I like to debate structural engineering theory -- a lot. If I challenge you on something, know that I'm doing so because I respect your opinion enough to either change it or adopt it.

 

[DETstru]

BAretired- a quick follow up: in Section 8.2, Blodgett defines twist formulas for various span and loading conditions.

Max rotation for a simple span beam with uniform torque is defined as: rot = t*L^2 / (8*Es*R)
Max rotation for a simple span beam with a single torque at mid span is: rot = T*L / (4*Es*R)
Max rotation for a cantilevered beam is: rot = T*L / (Es*R) [this is the formula you gave me above]

rot = angle of twist (theta)
T = torque in force-dist units (e.g. kip-in)
t = torque in force-dist/dist units (e.g. kip-in/in)
L = span
Es = Shear Modulus
R = as you defined above for a tube section

Looks like for the same total torque, rotation is half if it is uniformly distributed rather than isolated in midspan. It also appears the twist for my case is 8 times less than I previously thought, which I'm ok with!

 

[SAIL3]

as Koot pointed out...no such thing as pinned connection w/o warping....should be a closed section or the fixed connection should activate all four sides of the HSS member

 

[RWW0002]

For what it is worth, this is in line with AISC Design Guide 9 Example 5.2 in which rotation is calculated as TL/4JG (sim. to T*L /(4*Es*R) above) for a mid-span torque applied to a closed section.

 

[KootK]

WeL^2/8GJ. At least humour me as a double check.

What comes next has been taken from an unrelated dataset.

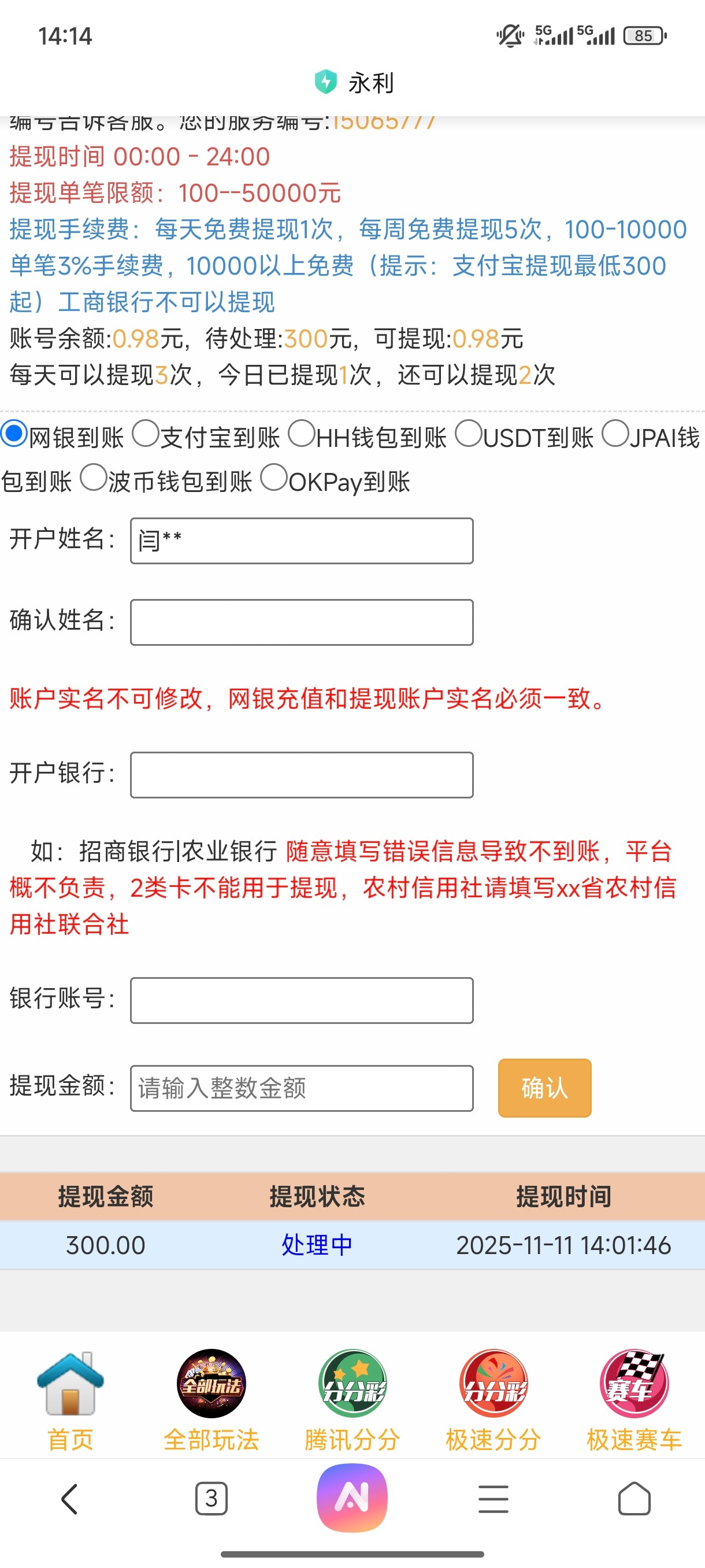 永利提现充值能充不

I like to debate structural engineering theory -- a lot. If I challenge you on something, know that I'm doing so because I respect your opinion enough to either change it or adopt it.

 

[DETstru]

KootK- I agree, WeL^2/8GJ matches Blodgett's t*L^2 / (8*Es*R) except for the sight discrepancy between Blodgett's "R" and AISC's "J".

 

[BUGGAR]

Blodgett explains how he gets his "R" and why it may vary. Keep your b/t and h/t ratios in the right range and buckling is not a problem.

 

[Hokie93]

The general equation for determining rotation of a closed shaped is M_t/GJ, where M_t is the torsional moment in the member resulting from the application of the eccentric loads. In the case of a simply supported member with a uniform eccentric load, M_t equals weL²/8, as pointed out by KootK. The units for M_t are k-ft² (or k-in², lb-ft², etc.). The rotation unit is radians. Blodgett provides the torsional shear diagrams on page 8.2-1 in "Design of Welded Structures" and the moment diagrams can be constructed accordingly.

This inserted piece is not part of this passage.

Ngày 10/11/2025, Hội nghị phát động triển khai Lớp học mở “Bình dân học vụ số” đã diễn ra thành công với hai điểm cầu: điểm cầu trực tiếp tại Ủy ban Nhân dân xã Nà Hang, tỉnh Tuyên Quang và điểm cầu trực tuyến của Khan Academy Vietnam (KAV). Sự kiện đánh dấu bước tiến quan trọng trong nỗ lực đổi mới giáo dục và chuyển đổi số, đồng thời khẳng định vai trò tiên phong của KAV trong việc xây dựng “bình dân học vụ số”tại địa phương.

It may not be stated clearly in the document but AISC Design Guide 9 (Torsional Analysis of Structural Steel Members) is largely intended for open members such as wide-flange shapes. This was more clearly the case in the AISC publication that preceded Design Guide 9.

 

[BAretired]

Hokie93,
If Mt is defined as a torsional moment, it is incorrect to state that "The units for Mt are k-ft2 (or k-in2, lb-ft2, etc.)". The units for a moment, torsional or otherwise, are k-ft, k-in, lb-ft etc.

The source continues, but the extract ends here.